Millicent Garrett Fawcett non è molto conosciuta in Italia, per cui la documentazione nella nostra lingua è scarsa, contrariamente a quella in inglese. In ogni caso del materiale è facilmente rintracciabile.

Concludiamo con alcune sue citazioni.

«Il coraggio chiama al coraggio ovunque, e la sua voce non può essere negata».

«Nessuna circostanza impedirebbe la sovrappopolazione in modo così efficace come un innalzamento generale del livello consueto di benessere tra le classi più povere. Se si fossero abituati a uno stile di vita più confortevole, farebbero ogni sforzo per non sprofondare di nuovo al di sotto esso».

«Per quanto gli uomini possano essere benevoli nelle loro intenzioni, non possono sapere cosa vogliono le donne e cosa si adatta alle necessità della vita delle donne, così come le donne sanno queste cose da sole».

«Non riesco mai a pensare che dare fuoco a case, chiese e lettiere e distruggere quadri di valore aiuti davvero a convincere le persone che le donne dovrebbero essere emancipate».

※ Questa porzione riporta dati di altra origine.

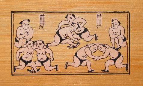 Bên cạnh đó, ta cũng chú ý đến hai tràng pháo ở phía bên trên bức tranh thể hiện không khí mùa xuân. Hai võ sĩ chờ hai bên ngồi hai tay ôn chân để khỏi rét và hình dáng theo mô hình hình chữ nhật đứng không vững thể hiện sự nôn nóng đợi đến lượt mình lên sới.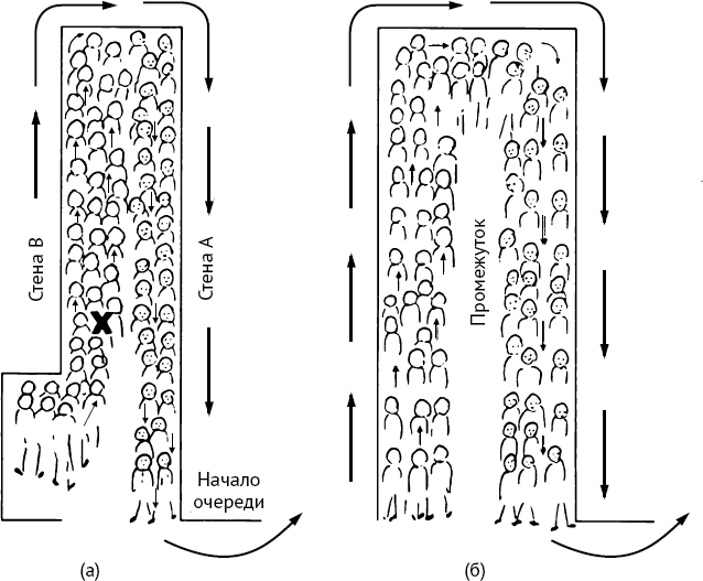 Тех, кто первыми покупал билеты, первыми впускали в зал согласно негласному закону, общепринятому среди завсегдатаев театра. Когда двери в зал открывались, зрители входили в зал в том порядке, в котором прибыли в театр, и выбирали себе места. Однако коридор, в котором создавалась двойная очередь, был необычайно узок, поэтому, если зритель X хотел пройти предписанный путь, ему зачастую приходилось задевать и толкать других зрителей, продвигавшихся в противоположном направлении. Толкучка в очереди нарастала, и в конце концов люди, стоявшие вдоль стены В, начинали разворачиваться и тоже проходить в зал – что нарушало все установленные нормы. В результате последними в зал входили те, кто оказывался в середине очереди. Такое происходило постоянно. Решением проблемы стало расширение коридора (рис. 21б) – между изгибами очереди образовался промежуток, зрители перестали толкать друг друга и теперь входили в зал чинно и с соблюдением всех приличий.

«Ciò che unisce uomini e donne è più forte della brutalità e della tirannia che li separano».

«Non posso dire di essere diventato un suffragista. Lo sono sempre stato, da quando ero abbastanza grande per pensare ai principi del governo rappresentativo».

«Sono un liberale perché il liberalismo sembra significare fiducia nelle persone, fiducia che gestiranno i propri affari molto meglio di quanto questi affari possano essere gestiti da altri».

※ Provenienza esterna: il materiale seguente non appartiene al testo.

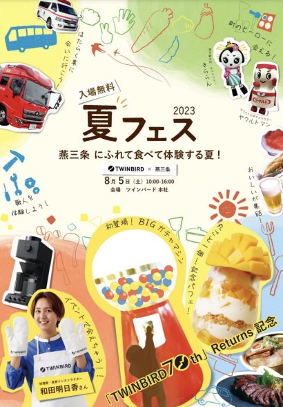 株式会社ツインバード(新潟県燕市)は8月5日、本社を会場にキッチンカーやワークショップの出店をはじめ多数のイベントを行う「TWINBIRD×燕三条夏フェス2023」を開催する。入場は無料。感染症禍の影響から4年ぶりの開催で、2021年の創業70周年以降は初。同社の家電を組み立てるものづくり体験も開催し、こちらの参加申込は7月23日までとなっている。

«Ci sono molte scuse per la persona che ha commesso l’errore di confondere denaro e ricchezza. Come molti altri, presero il segno per la cosa significata».

«Gran parte dell’attuale ansia di migliorare l’istruzione delle ragazze e delle donne è dovuta anche alla convinzione che le disabilità politiche delle donne non verranno mantenute».

«Posso dire onestamente che se mi venisse detto in questo momento che stavo morendo, non il mio primo, non il mio secondo, ma sicuramente il mio terzo pensiero sarebbe che non avrei mai più rivisto l’Italia».